Particularly, we consider the method-of-lines based on MATLAB’s ODE15s
and the Crank-Nicolson method.
Our studies include an introductory chapter on the Laplace inversion method.
Then we proceed with spectral methods for the space discretization where we
introduce the interpolation polynomial and the concept of a differentiation
matrix to approximate derivatives of a function. Next, formulas of the numerical
differentiation formulas (NDFs) implemented in ODE15s, as well as the
well-known second order Crank-Nicolson method, are derived. In the Laplace
method, to compute the Bromwich integral, we use the trapezoidal rule over
a hyperbolic contour. Enhancement to the computational efficiency of these
methods include the LU as well as the Hessenberg decompositions.
In order to compare the three methods, we consider two criteria: The
number of linear system solves per unit of accuracy and the CPU time per
unit of accuracy. The numerical results demonstrate that the new method,
i.e., the Laplace inversion method, is accurate to an exponential order of convergence
compared to the linear convergence rate of the ODE15s and the
Crank-Nicolson methods. This exponential convergence leads to high accuracy
with only a few linear system solves. Similarly, in terms of computational cost, the Laplace inversion method is more efficient than ODE15s and the
Crank-Nicolson method as the results show.
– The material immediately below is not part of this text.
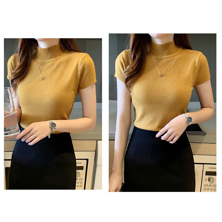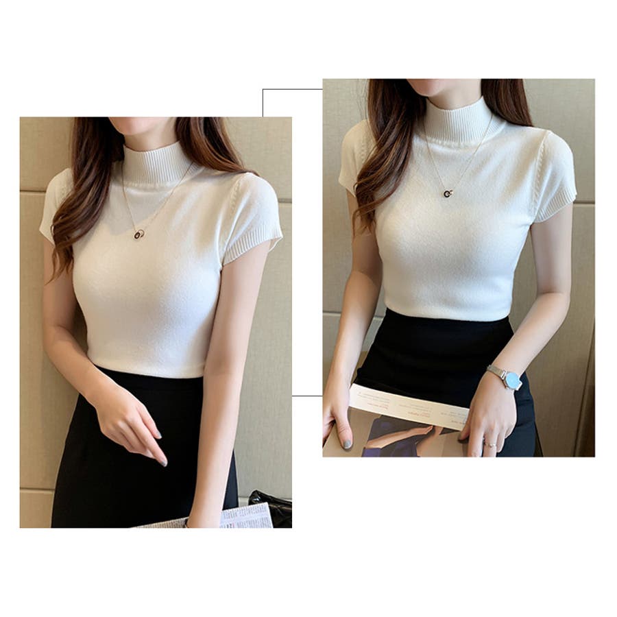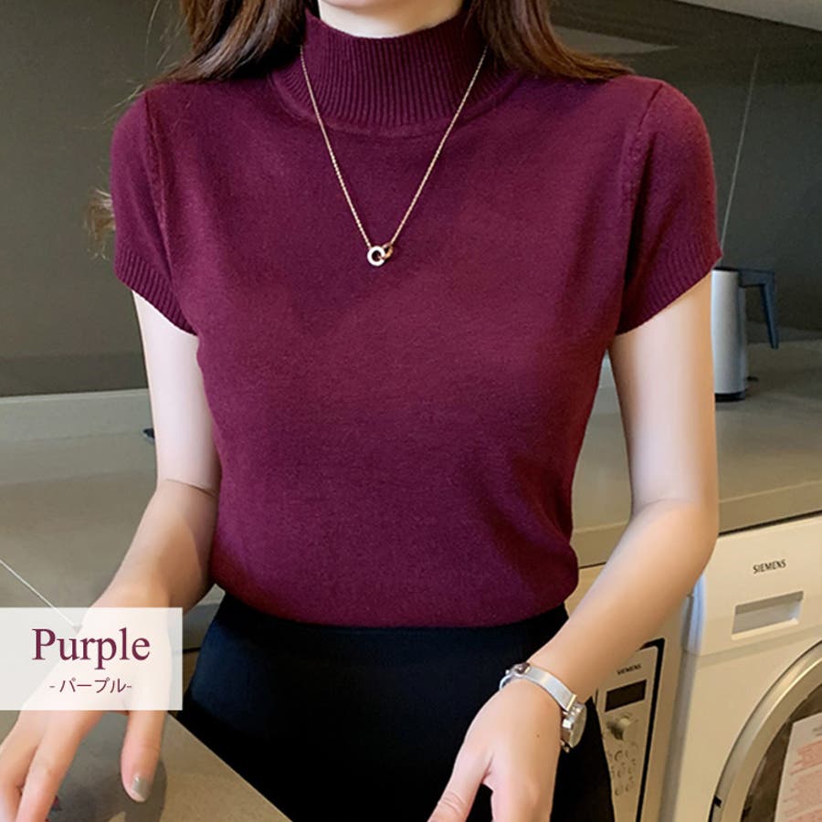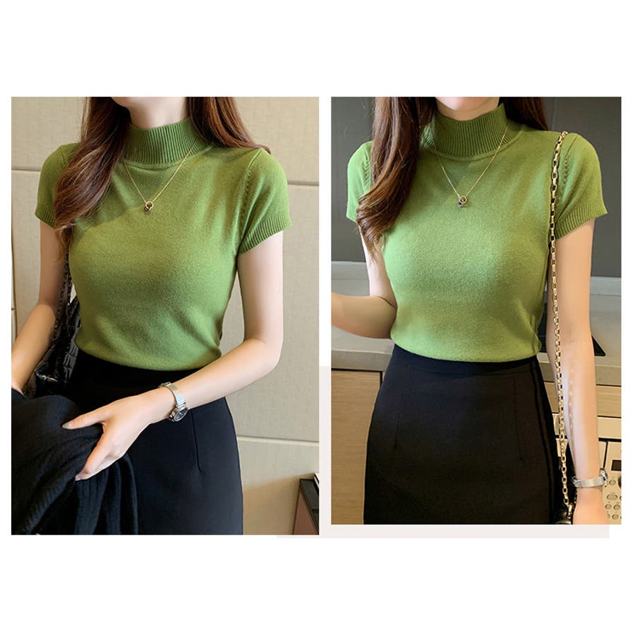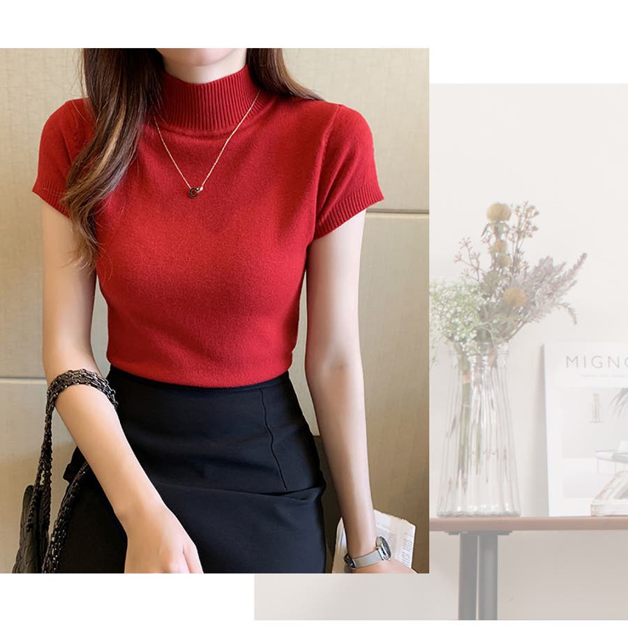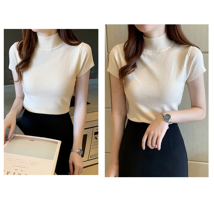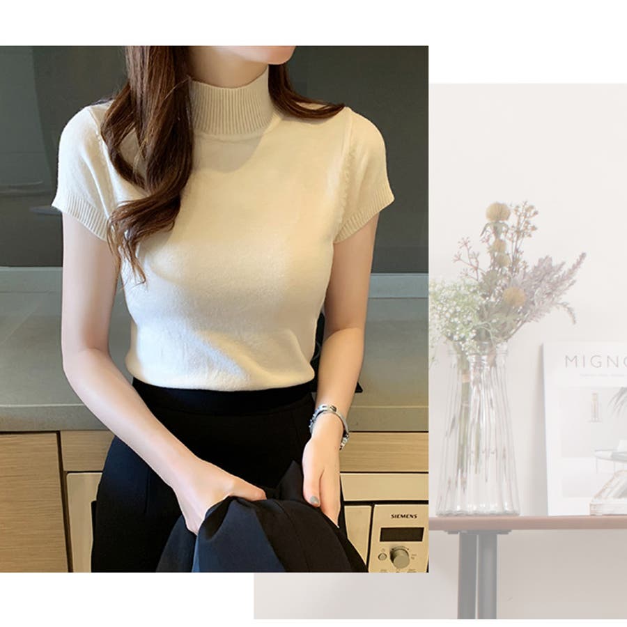 サマーニット 半袖 ハイネック

Finally, we apply with satisfactory results the inversion method to the axial
dispersion model and the heat equation in two dimensions. / AFRIKAANSE OPSOMMING: In die afgelope paar jaar het die Laplace omkeringsmetode na vore getree
as ’n lewensvatbare alternatiewe metode vir die numeriese oplossing van
PDVs. Effektiewe metodes vir die numeriese omkering word gebasseer op die
benadering van die Bromwich integraal.
In hierdie tesis word ’n numeriese studie onderneem om die effektiwiteit
van die Laplace omkeringsmetode te vergelyk met meer konvensionele tydintegrasie
metodes. Ons ondersoek spesifiek die metode-van-lyne, gebasseer
op MATLAB se ODE15s en die Crank-Nicolson metode.
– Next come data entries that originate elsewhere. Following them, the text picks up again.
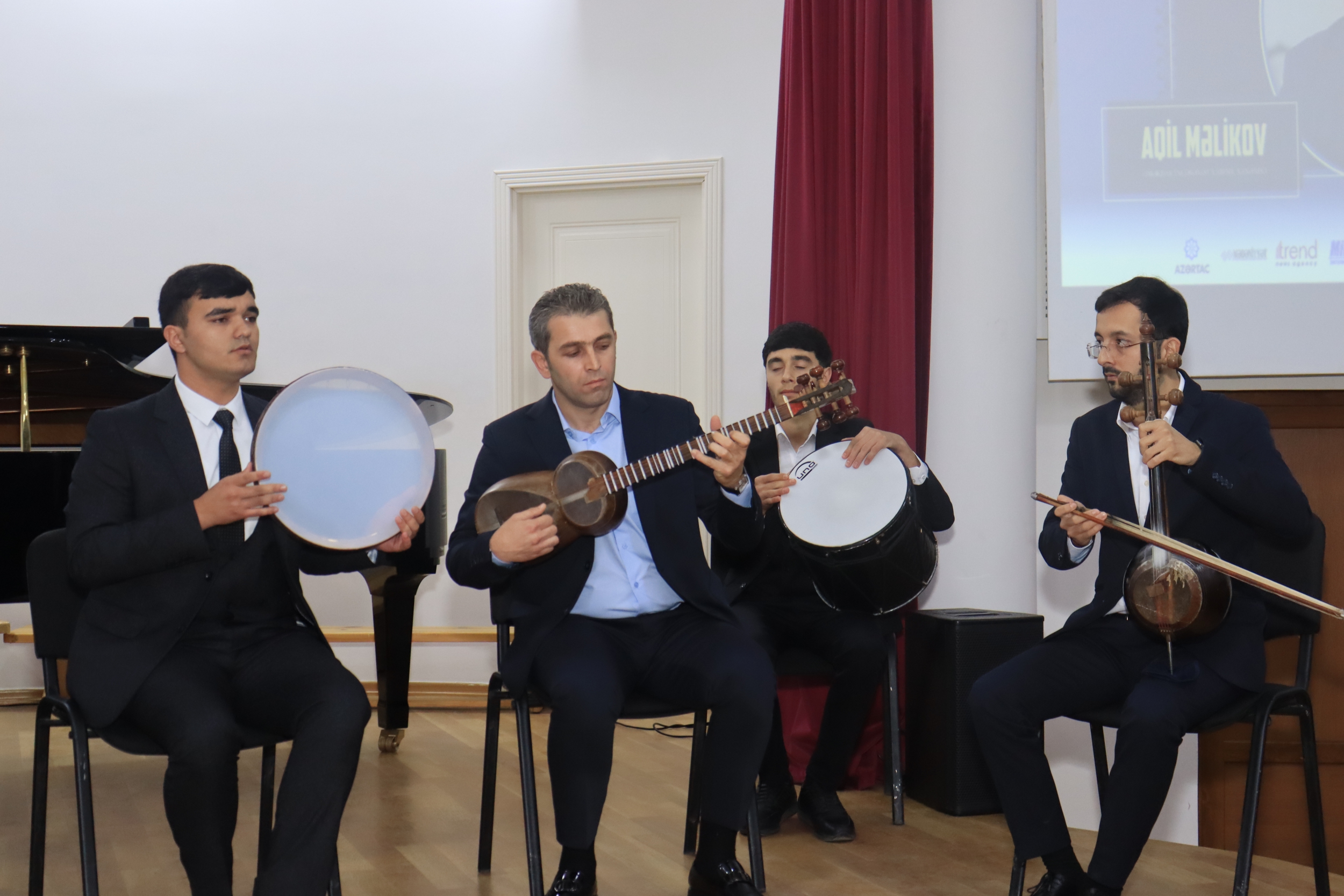 İnteraktiv formatlı görüşdə İncəsənət fakültəsinin müəllimləri – tarda Bəhruz Zeynalovun, kamançada Fərid Babayevin, nağarada tələbə İlqar Süleymanlının müşayiəti ilə bu fakültədə təhsil alan Xədicə İsmayılova “Mahur-hindi”, İsmayıl İsmayılov isə “Rahab” muğamlarını səsləndiriblər.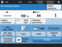 Paspauskite , rodomą ekrane <Pagrindinis> ir pagrindinių funkcijų ekrane, kad galėtumėte tinkinti ekraną, pavyzdžiui, pertvarkyti mygtukus ar sukurti sparčiuosius klavišus. Jutiklinio ekrano tinkinimas![]() Galite keisti ekrano rodymo parametrus, tokius kaip, kurį ekraną rodyti pirmą įjungus aparatą, taip pat ar rodyti pranešimą apie likusio popieriaus ir dažomųjų miltelių kiekį. <Rodymo parametrai> Galite nustatyti, kuris ekranas bus rodomas tam tikrą laiką neatliekant jokių operacijų. <Funkcija po automatinio nustatymo iš naujo> |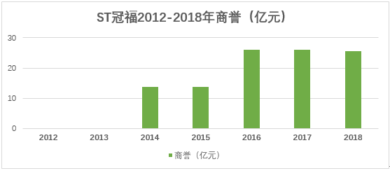 ST冠福也不例外,在第二节中所提到的一系列并购过程中也逐渐积累了超过26亿元的商誉,占其2018年末总资产75亿元的约三分之一(见图3),占2018期末净资产超过100%,其高商誉率令人乍舌。在2018年的业绩快报中,ST冠福提到,由于被投资公司商誉减值将对2018年业绩亏损约3亿元,最终经过会计师事务所审计及评估事务所评估,2018年全年实际计提了能特科技6,000万元的商誉减值损失。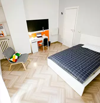 Zona POLITECNICO, posizione strategica e ricercata, affittiamo bellissima suite Simple Room ristrutturata appositamente per offrire comfort e comodità ai nostri studenti. La camera è dotata di letto matrimoniale, armadio a 3 ante, scrivania con co...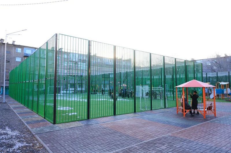 Мұнда тұрғындар үшін ойын алаңы мен спорт аймағы бар заманауи демалыс кеңістігі жасалған. Әткеншектер, тренажёрлар, орындықтар орнатылып, аула жарықтандырылды.

Ons studies sluit in ’n inleidende hoofstuk oor die Laplace omkeringsmetode.
Dan gaan ons voort met spektraalmetodes vir die ruimtelike diskretisasie,
waar ons die interpolasie polinoom invoer sowel as die konsep van ’n
differensiasie-matriks waarmee afgeleides van ’n funksie benader kan word.
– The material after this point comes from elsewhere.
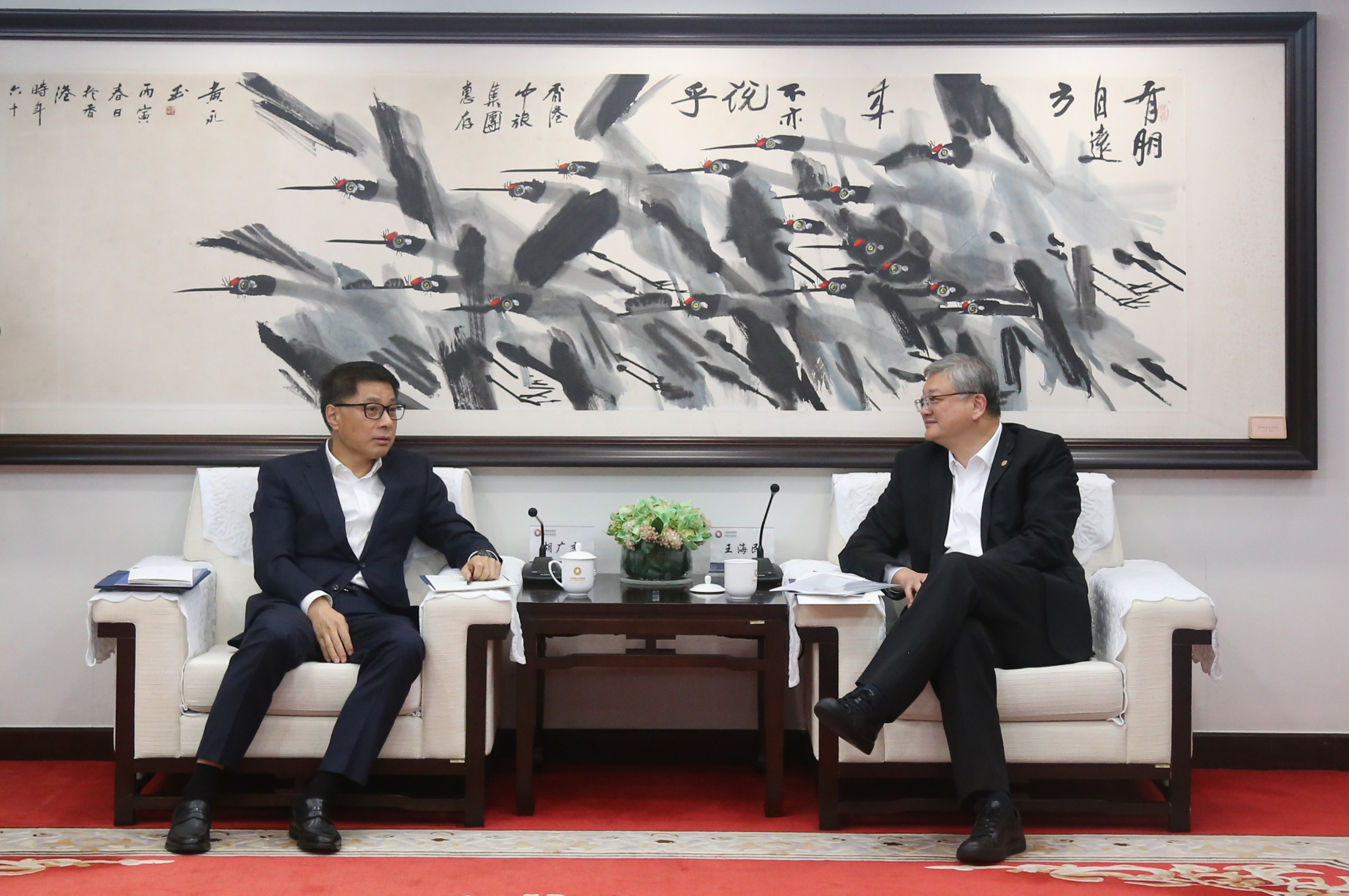 1月14日,集團董事長王海民在香港會見上海市普陀區委書記胡廣杰一行。

Daarna word formules vir die numeriese differensiasie formules (NDFs) ingebou
in ODE15s herlei, sowel as die welbekende tweede orde Crank-Nicolson
metode. Om die Bromwich integraal te benader in die Laplace metode, gebruik
ons die trapesiumreël oor ’n hiperboliese kontoer. Die berekeningskoste
van al hierdie metodes word verbeter met die LU sowel as die Hessenberg
ontbindings.
Ten einde die drie metodes te vergelyk beskou ons twee kriteria: Die aantal
lineêre stelsels wat moet opgelos word per eenheid van akkuraatheid, en
die sentrale prosesseringstyd per eenheid van akkuraatheid. Die numeriese resultate demonstreer dat die nuwe metode, d.i. die Laplace omkeringsmetode,
akkuraat is tot ’n eksponensiële orde van konvergensie in vergelyking tot
die lineêre konvergensie van ODE15s en die Crank-Nicolson metodes. Die
eksponensiële konvergensie lei na hoë akkuraatheid met slegs ’n klein aantal
oplossings van die lineêre stelsel. Netso, in terme van berekeningskoste is die
Laplace omkeringsmetode meer effektief as ODE15s en die Crank-Nicolson
metode.
Laastens pas ons die omkeringsmetode toe op die aksiale dispersiemodel
sowel as die hittevergelyking in twee dimensies, met bevredigende resultate.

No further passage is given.